Sen. Dick Blumenthal (D-Conn.) said on Thursday that if Donald Trump Jr. didn't comply with a subpoena to testify before Congress that he should face prison time. That's according to two people familiar with the subpoena who discussed it on condition of anonymity.
Asked if the White House would fight the subpoena, Trump said, "We'll see".
The panel's investigation, led by Burr, has been running for more than two years, and the committee has interviewed numerous same witnesses who spoke to special counsel Robert Mueller's team. It's time to move on.
Trump Jr. has previously met with three congressional committees, including the Senate Intelligence Committee in December of 2017, with whom he met for more than nine hours as part of their investigation into Russian interference in the 2016 presidential election.
China backtracked on all aspects of trade commitments with US
If the 25% tariff were extended to the rest of Chinese exports to the U.S. that might knock a further 0.3 percentage points off GDP.
House Minority Leader Kevin McCarthy, R-Calif., ripped those fellow Republicans calling for Trump Jr.to return to Capitol Hill, saying in a tweet that "endless investigations by either party won't change the fact there was NO collusion". Trump also said he had already testified for a "massive amount of time". Kentucky Sen. Rand Paul a day earlier tweeted that Burr apparently "didn't get the memo from the Majority Leader that this case was closed".

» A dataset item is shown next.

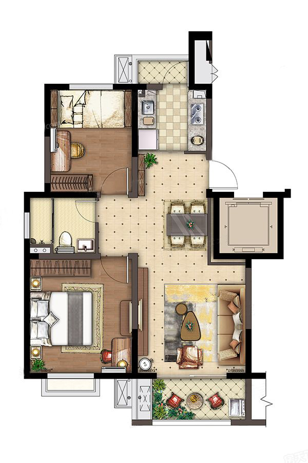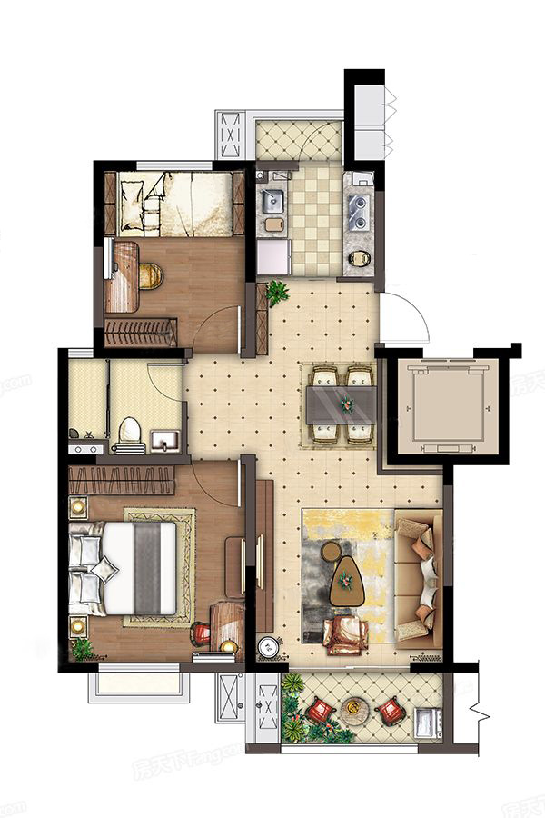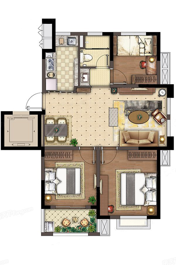 整体户型方正,活动区域开阔,居住舒适度高;整个空间全明通透,采光良好,同时利于居住空间通风;各个功能区的尺寸比例规范,布局合理,能很好地满足日常功能需求,整体空间开阔,采光充足,居住舒适度好。

The surprise subpoena was issued by a Republican-led committee, opening a new source of strain between the Congress and a White House battling the legislature's pressure on multiple points. Trump Jr. told the Senate Judiciary Committee in a separate interview in 2017 he was only "peripherally aware" of the proposal. Trump last week said that it was Barr's call, but later declared on Twitter that Mueller should not testify. The subpoena was issued now because Senators want to question him themselves, they said.
The Trump administration is also refusing to turn over copies of the president's personal and business tax documents requested by House Democrats. Trump on Wednesday invoked the principle of executive privilege over that material, claiming the right to block lawmakers from receiving it.
Warner made the comments at a breakfast hosted by the Christian Science Monitor.